On the right are two Sedums, one merely a cluster of leaves and the other in flower. Sedums belong to a large family widely distributed over the northern hemisphere. The majority of the species grow in temperate regions but when they are found in latitudes nearer the equator, they appear on mountain slopes. They have the ability to use cracks in the rocks and to cling to the surface, whether in the rock garden or in the wild. They were known to the Ancients and also to the medieval herbalists, but they were not listed until Linnaeus wrote his Species Plantarum fifty years after these paintings were completed. Then there were only fifteen known species but now over *five hundred have been identified, mainly due to the plant hunters' explorations of Mexico and western China. For this reason it is difficult to decide which species Kychicus has painted, so perhaps it is as well to leave it with his designation- 'Sedum with a white flower'. 

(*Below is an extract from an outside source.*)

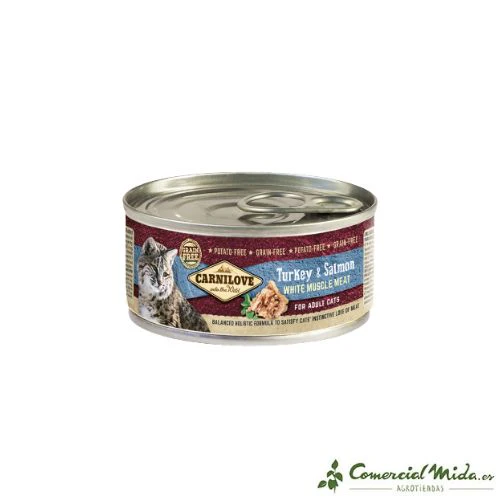 Este comida está formulada con ingredientes de gran calidad para que sea un alimento de lo más completo con un alto contenido en carne pero sin cereales ni patatas. Esta comida está hecho de pavo y salmón que ayudan a una digestión saludable además de mejorar la piel y el pelaje y hacer que estén más brillantes gracias a los ácidos grasos Omega 3 que tiene el salmón.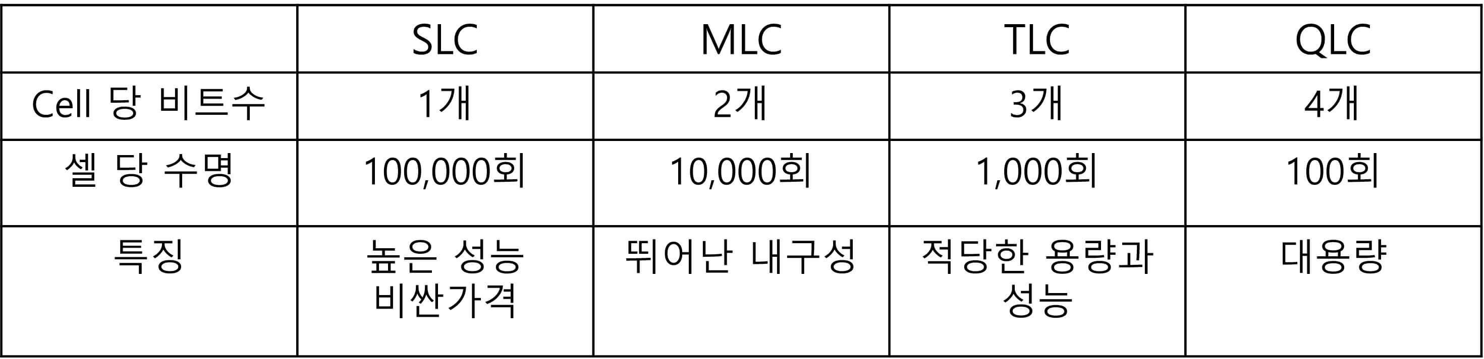 즉, 한 개의 셀을 사용하는 빈도가 SLC보다 많아지게 되므로 메모리 수명이 차이가 난다.

The elongated flower spikes are throwing me a bit on this and the general oddness of the rosettes, I seriously thought the other plant not in flower was an Echeveria. I'm pretty sure due to its age and that the other plants are European in nature that the flowering plant is Sedum album the white stonecrop. The other plant that is just a rosette (if we infer that its also from Europe) is a form of Sempervivum, probably tectorum.